Although the government plans to remove the obligation to buy an annuity, most people will need to annuitise if they want a pension to live on in retirement. Annuities are based on government fixed-interest investments known as gilts, and other bonds, the prices of which move up and down like equities, although normally less dramatically. If you intend to annuitise then it makes sense as you approach retirement to begin transferring your savings into investments which are moving in line with gilts.

Lifestyling does this automatically, as it moves money across from equities to gilts. If you want to protect today the value of the pension you can claim in the next few years, then consider a switch into a bond or gilt fund to match your pension plans.

9. DRAWDOWN

However, if you don't plan to buy an annuity at retirement, but to enter drawdown, then your time horizon just got a lot bigger. With drawdown, your money remains invested, and you withdraw an income to live on. If you enter drawdown with the intention of not annuitising until you are 75, 80, 90 or never, then your money still has 20 or 30 years plus to ride out the storms.

10. BULL RUN PRIZE

In any race, you can get to the final hurdle and falter because suddenly your confidence runs dry. It is the same with investments. Given the bumpy ride of the last decade, why should anyone be optimistic about the future?

Johnston is confident of better days to come. He says: "It is true the UK market remains challenging, not least because of the drop in dividends from the banks and now BP. But the potential for growth in China, Brazil, India and other parts of the world is enormous. And even in the UK some dividends are very attractive. "

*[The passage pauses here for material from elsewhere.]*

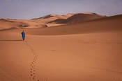 Erg Chebbi, situated near the border with Algeria, is one of Morocco’s two big Saharan ergs or large sandy dune fields. Formed by wind-blown Saharan sand, the shape-shifting dunes can reach a height of up to 160 meters and cover a vast area in the middle of the Moroccan stone desert. Near the edge of the dunes is Merzouga, a small village that serves as a local tourist center with number of companies organizing sunset and sunrise trips riding dromedaries deep into the sand dunes and enjoying the stunning views of sun raising and setting behind the great orange sandy dunes. But probably the best trips are the ones taking you on the overnight stay with sleeping in Berber tents under the great dunes and great food - delightful Tajine prepared on the spot – served under the soft glow of those bright stars on vast night sky.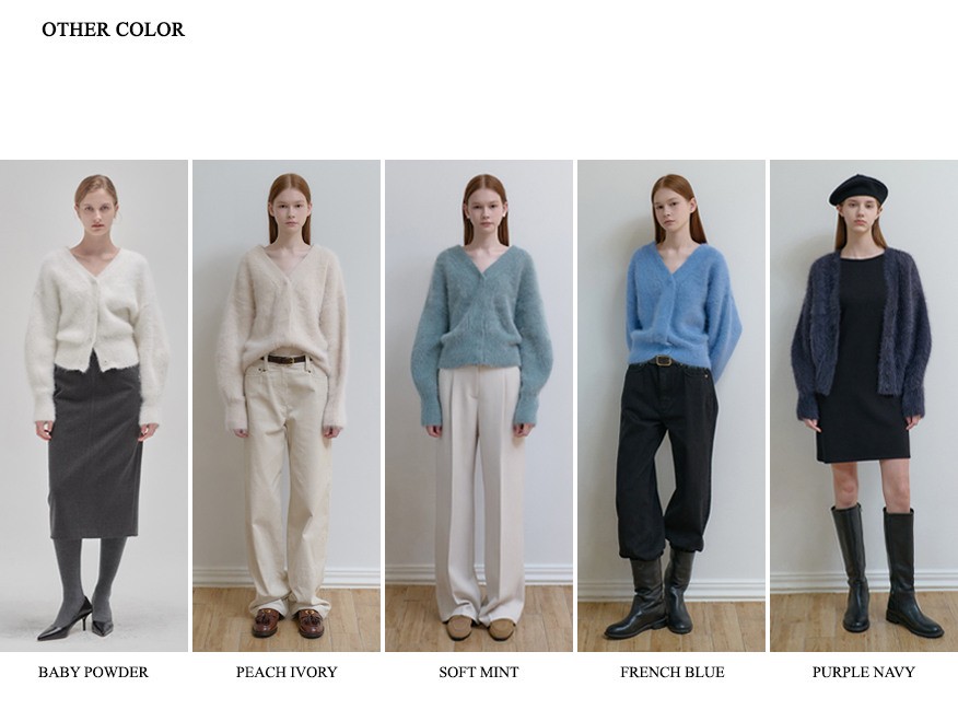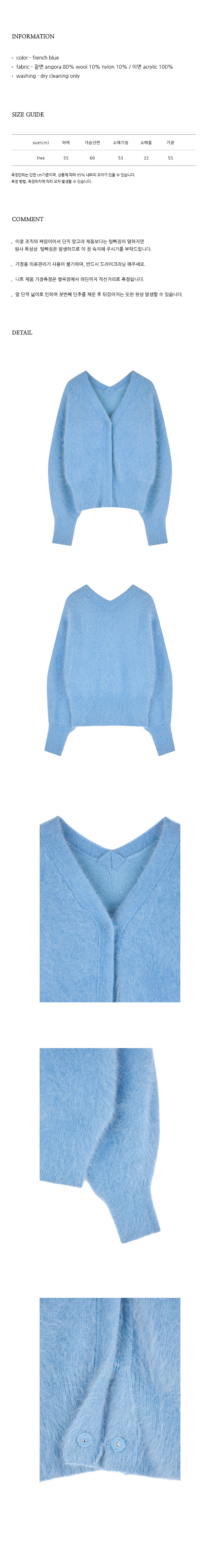 | 소재 | 겉면 angora 80% wool 10% nylon 10% / 이면 acrylic 100% |

The progressive yield on equities is currently 3.6 per cent, with dividends from AstraZeneca yielding 4.9 per cent, British American Tobacco 5.1 per cent, GlaxoSmithKline 5.5 per cent, Vodafone 6.4 per cent and so forth. Cox says: "Just because the economy is weak, it doesn't mean stock markets will be weak."

Hopes of a boom in the next decade are not blind optimism. At some stage in the UK, the privatised banks will be sold off, probably in chunks. This will supply a fillip for stock markets at home, with the coalition eager to emulate the success of the privatisation booms of the 1980s.